_What this task involves_: What is needed is an exact reproduction of the lines in the records below, starting at the line with "Un artista pidió" and ending at the line with "I love how this", both included, and nothing else; pictures stay out.

_Supplied material_:
----

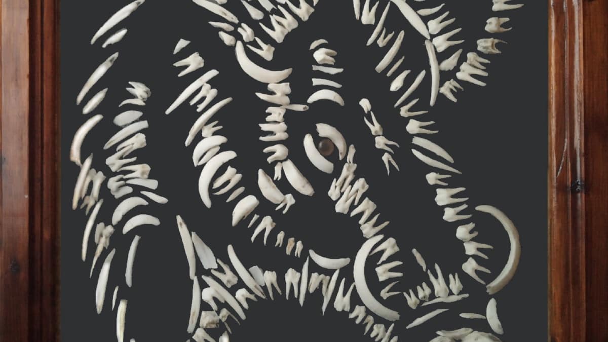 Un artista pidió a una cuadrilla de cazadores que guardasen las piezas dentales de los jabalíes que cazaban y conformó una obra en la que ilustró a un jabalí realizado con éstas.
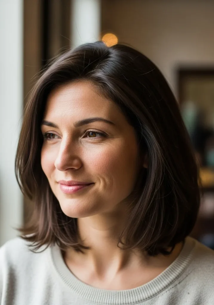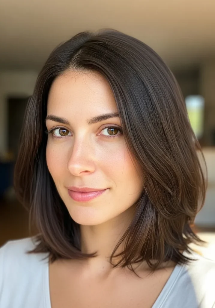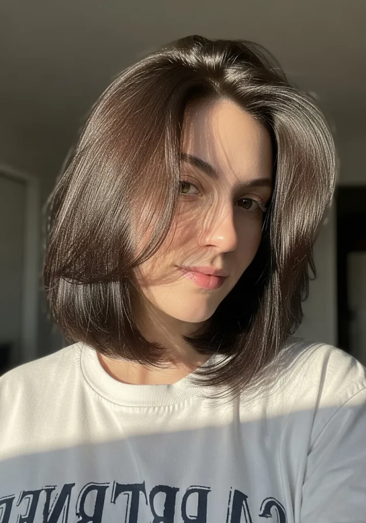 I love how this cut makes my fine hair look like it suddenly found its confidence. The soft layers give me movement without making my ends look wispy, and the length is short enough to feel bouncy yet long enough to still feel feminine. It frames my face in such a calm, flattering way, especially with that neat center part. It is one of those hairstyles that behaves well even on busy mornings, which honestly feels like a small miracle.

----

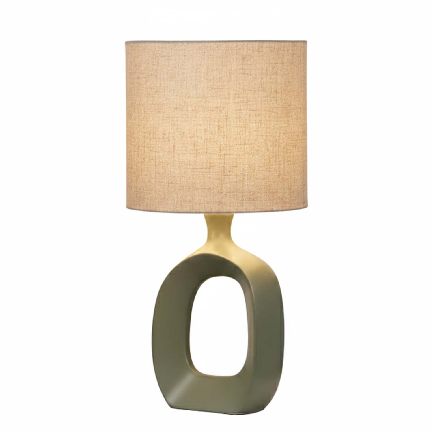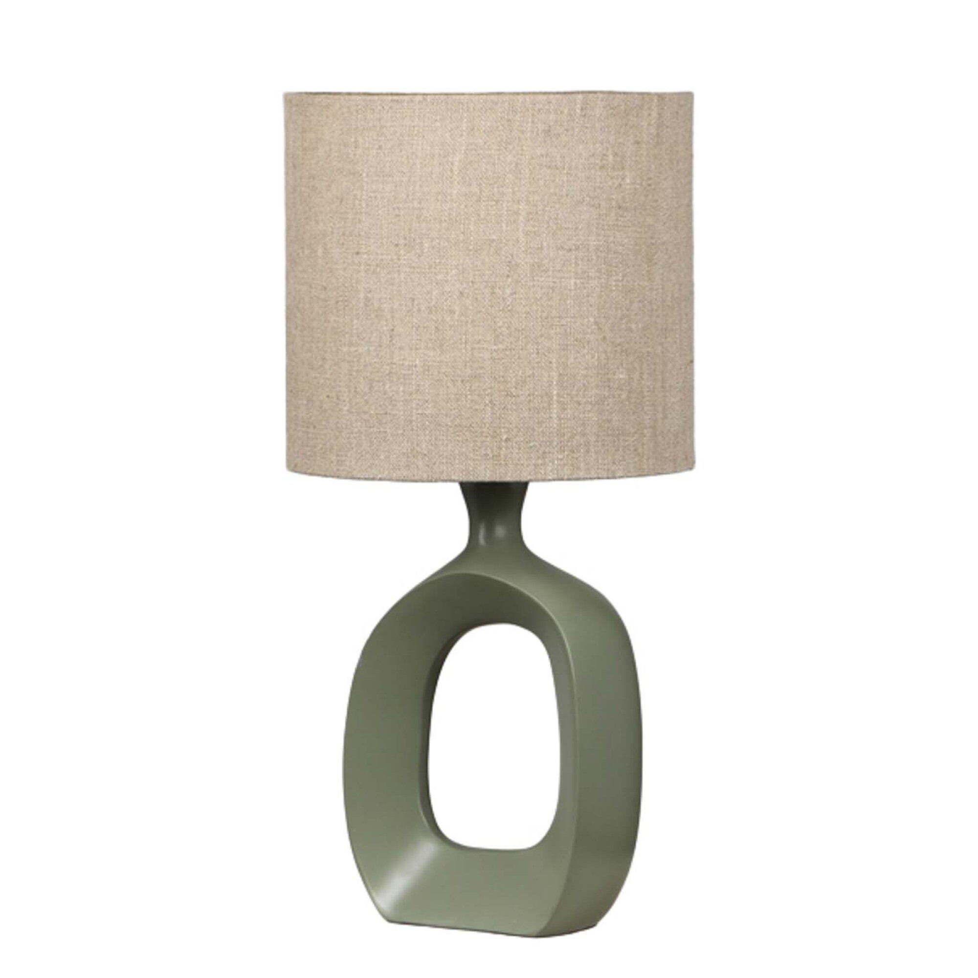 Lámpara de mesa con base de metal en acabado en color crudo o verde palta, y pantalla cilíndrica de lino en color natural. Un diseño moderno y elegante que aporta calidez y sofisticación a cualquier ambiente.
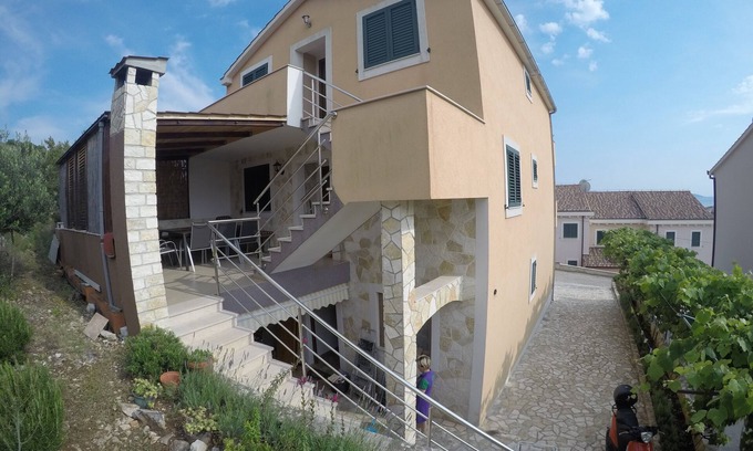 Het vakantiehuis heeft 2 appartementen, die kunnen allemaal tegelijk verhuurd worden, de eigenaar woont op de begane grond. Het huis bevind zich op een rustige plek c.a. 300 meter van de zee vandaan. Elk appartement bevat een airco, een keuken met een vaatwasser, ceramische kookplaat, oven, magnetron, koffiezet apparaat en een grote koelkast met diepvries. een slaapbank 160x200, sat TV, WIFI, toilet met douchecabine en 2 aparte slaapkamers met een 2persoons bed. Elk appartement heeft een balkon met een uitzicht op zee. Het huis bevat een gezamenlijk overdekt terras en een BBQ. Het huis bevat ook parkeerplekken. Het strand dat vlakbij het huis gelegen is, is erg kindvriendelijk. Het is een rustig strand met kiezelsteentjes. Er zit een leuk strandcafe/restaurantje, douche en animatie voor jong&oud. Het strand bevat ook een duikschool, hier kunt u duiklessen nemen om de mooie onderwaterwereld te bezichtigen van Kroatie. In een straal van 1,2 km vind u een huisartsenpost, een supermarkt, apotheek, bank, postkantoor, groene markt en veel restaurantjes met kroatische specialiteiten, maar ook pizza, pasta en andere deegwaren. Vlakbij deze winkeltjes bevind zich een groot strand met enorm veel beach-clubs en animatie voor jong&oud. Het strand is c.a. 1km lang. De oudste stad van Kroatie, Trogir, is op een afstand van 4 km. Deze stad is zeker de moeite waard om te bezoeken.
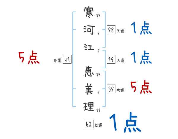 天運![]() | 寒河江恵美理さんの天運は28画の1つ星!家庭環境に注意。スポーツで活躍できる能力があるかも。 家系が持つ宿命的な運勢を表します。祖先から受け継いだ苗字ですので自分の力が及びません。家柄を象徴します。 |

----

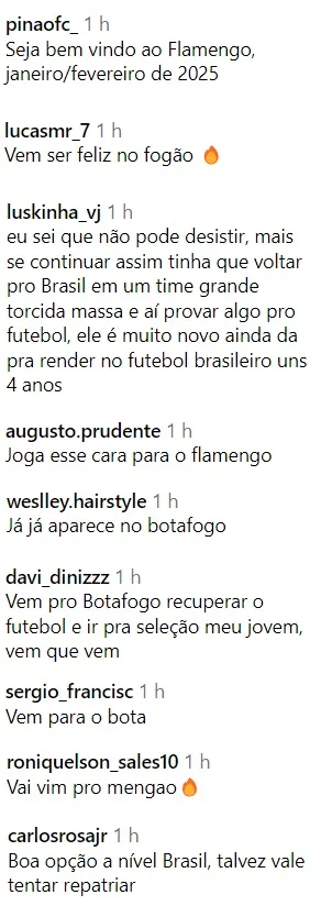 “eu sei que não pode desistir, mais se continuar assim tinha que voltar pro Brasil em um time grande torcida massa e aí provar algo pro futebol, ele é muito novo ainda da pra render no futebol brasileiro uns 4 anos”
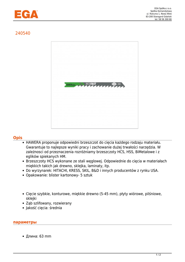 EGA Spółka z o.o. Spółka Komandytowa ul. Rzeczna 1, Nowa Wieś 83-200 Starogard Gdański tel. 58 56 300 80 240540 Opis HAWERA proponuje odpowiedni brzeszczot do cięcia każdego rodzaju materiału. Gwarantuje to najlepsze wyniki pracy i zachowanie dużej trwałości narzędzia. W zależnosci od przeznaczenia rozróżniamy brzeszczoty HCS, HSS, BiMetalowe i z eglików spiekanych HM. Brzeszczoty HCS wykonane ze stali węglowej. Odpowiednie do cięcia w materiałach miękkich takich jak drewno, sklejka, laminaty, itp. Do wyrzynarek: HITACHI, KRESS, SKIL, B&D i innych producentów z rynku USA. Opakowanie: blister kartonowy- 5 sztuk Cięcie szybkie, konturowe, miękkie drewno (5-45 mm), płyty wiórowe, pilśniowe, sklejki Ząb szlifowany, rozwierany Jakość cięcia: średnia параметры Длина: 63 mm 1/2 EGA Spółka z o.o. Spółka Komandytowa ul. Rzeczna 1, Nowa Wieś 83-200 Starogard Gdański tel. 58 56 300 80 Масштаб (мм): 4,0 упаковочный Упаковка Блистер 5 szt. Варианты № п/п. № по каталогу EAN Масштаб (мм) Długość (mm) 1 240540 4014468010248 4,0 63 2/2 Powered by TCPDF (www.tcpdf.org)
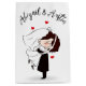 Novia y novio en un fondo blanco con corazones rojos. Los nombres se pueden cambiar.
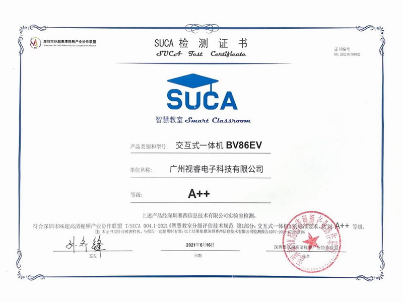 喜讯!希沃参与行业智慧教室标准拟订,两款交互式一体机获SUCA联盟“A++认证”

----

_Solution to this problem_:
 Un artista pidió a una cuadrilla de cazadores que guardasen las piezas dentales de los jabalíes que cazaban y conformó una obra en la que ilustró a un jabalí realizado con éstas.
 I love how this cut makes my fine hair look like it suddenly found its confidence. The soft layers give me movement without making my ends look wispy, and the length is short enough to feel bouncy yet long enough to still feel feminine. It frames my face in such a calm, flattering way, especially with that neat center part. It is one of those hairstyles that behaves well even on busy mornings, which honestly feels like a small miracle.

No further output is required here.